▶ **Try it**
Without its pictures, the listing below is to be transcribed exactly.
--- Recorded data Enclosed Below ---
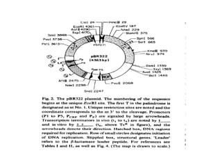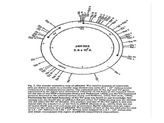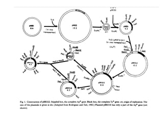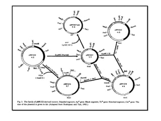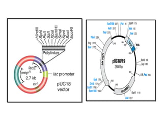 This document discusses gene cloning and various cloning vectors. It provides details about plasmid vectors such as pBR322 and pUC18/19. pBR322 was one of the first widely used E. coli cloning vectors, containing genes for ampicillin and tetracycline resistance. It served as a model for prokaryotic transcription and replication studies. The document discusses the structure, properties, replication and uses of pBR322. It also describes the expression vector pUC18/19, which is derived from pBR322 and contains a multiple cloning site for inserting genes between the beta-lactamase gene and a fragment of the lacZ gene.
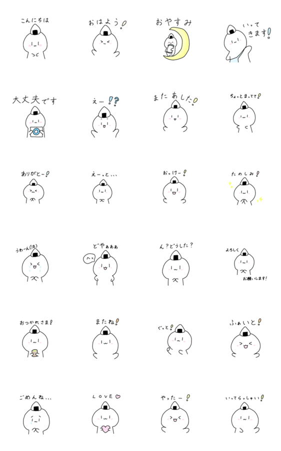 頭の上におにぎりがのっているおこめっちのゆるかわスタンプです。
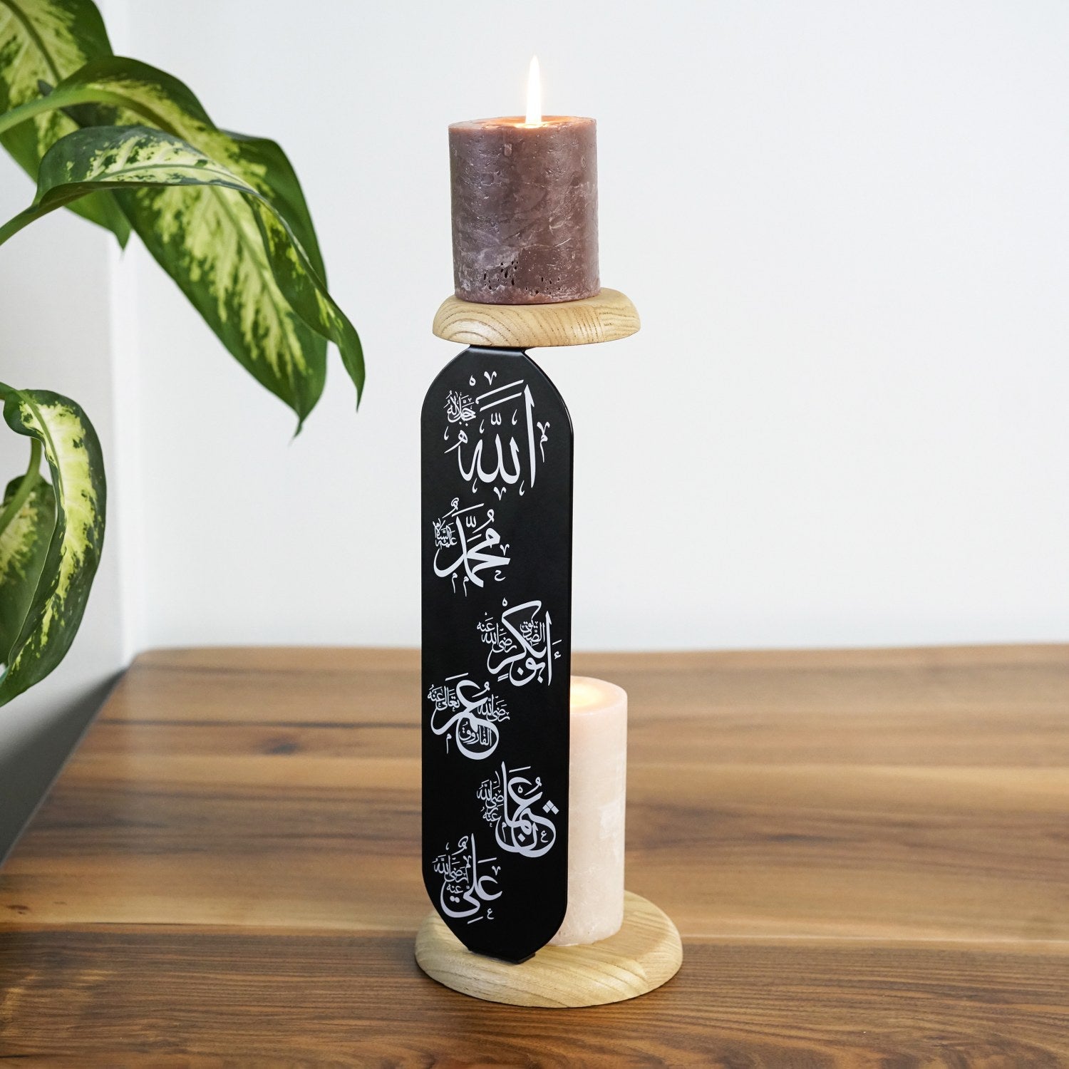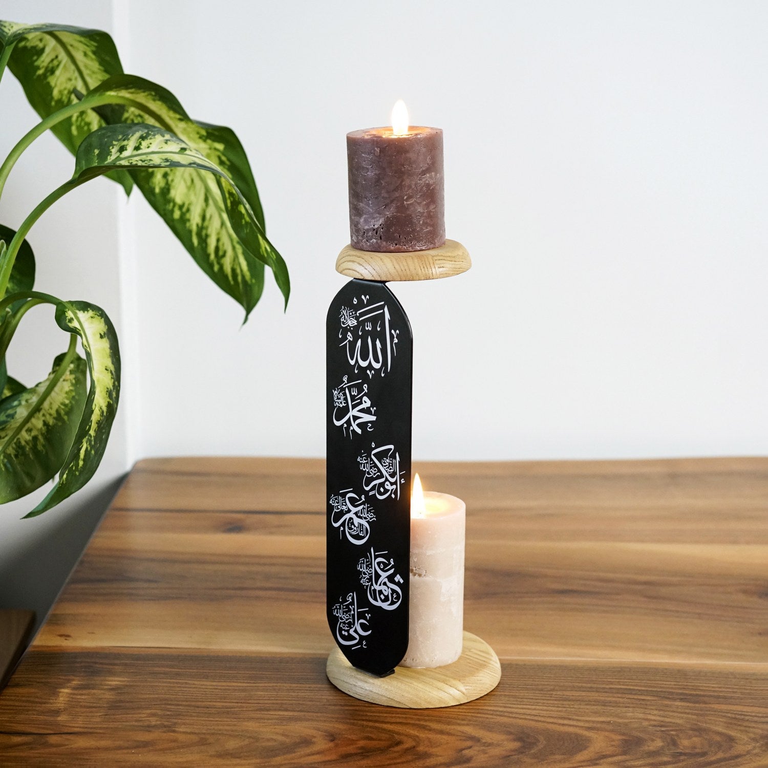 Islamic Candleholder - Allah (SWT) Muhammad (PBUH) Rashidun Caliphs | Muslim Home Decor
--- End of Enclosed Recorded data ---
▶ **Completed task**
 This document discusses gene cloning and various cloning vectors. It provides details about plasmid vectors such as pBR322 and pUC18/19. pBR322 was one of the first widely used E. coli cloning vectors, containing genes for ampicillin and tetracycline resistance. It served as a model for prokaryotic transcription and replication studies. The document discusses the structure, properties, replication and uses of pBR322. It also describes the expression vector pUC18/19, which is derived from pBR322 and contains a multiple cloning site for inserting genes between the beta-lactamase gene and a fragment of the lacZ gene.
 頭の上におにぎりがのっているおこめっちのゆるかわスタンプです。
 Islamic Candleholder - Allah (SWT) Muhammad (PBUH) Rashidun Caliphs | Muslim Home Decor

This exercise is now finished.